Helen Lansdowne Resor was hired by J. Walter Thompson as the first female copywriter in 1908. She wrote for P&G, the Red Cross, and Cisco. She pioneered advertorials and brought Norman Rockwell into JWT as an illustrator. She and her team wrote “Women Must Work to Win the War,” which resulted in three million women entering the workforce by 1943.
Shirley Polykoff wrote “Does She — or Doesn’t She” for Clairol in 1957 at FCB. Before the campaign, seven percent of women in the US dyed their hair. After, it was more than 50 percent.
Mary Wells Lawrence founded Wells, Rich, Greene in 1966 and took it public in 1968, the first female CEO of a company traded on the NY Stock Exchange. She then took the agency private and stepped down in 1990.
WRG created “I Love NY,“ “Raise Your Hand if You’re Sure,” “I Can’t Believe I Ate The Whole Thing” — for Alka Seltzer, and so many more.
I was lucky as a very young account person to work at Wells Rich Greene.
We celebrated our clients and as a woman-owned agency, women were treated equally — good or bad.
I learned from Mary; we love our clients.
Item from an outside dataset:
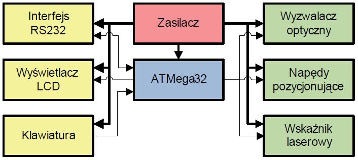 Do zasilania silników krokowych zastosowano układy TA8435H. Jednostka sterująca została wyposażona w interfejs RS-232 [1], umożliwiający podłączenie urządzenia do komputera. Na statywie zamontowany został laser pełniący rolę celownika. Schemat blokowy sterownika pokazano na rys. 2.
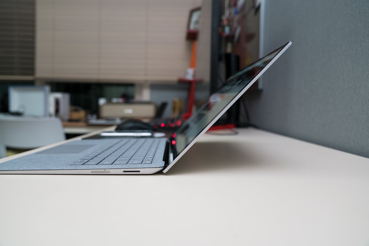보통 13인치, 15인치 디스플레이를 탑재한 노트북들이 Full HD 해상도를 탑재한 경우가 많은데 서피스랩탑은 2256 X 1504(201PPI)가 적용되었다. 디스플레이는 멀티 터치를 지원하고 코닝 고릴라 글래스3가 적용되었다. 터치감은 상당히 뛰어나다.

Every day.
Accounts went into review because we weren’t loving our clients, not because of bad creative — that the clients briefed and approved.
The most important lesson was to love our clients.
My wish to young advertising women in this history month is to love your clients — every day. And watch how the relationship flourishes.
And to clients everywhere, love your agencies back — beyond Women’s History Month — every day. And see the results of the work. And share the success.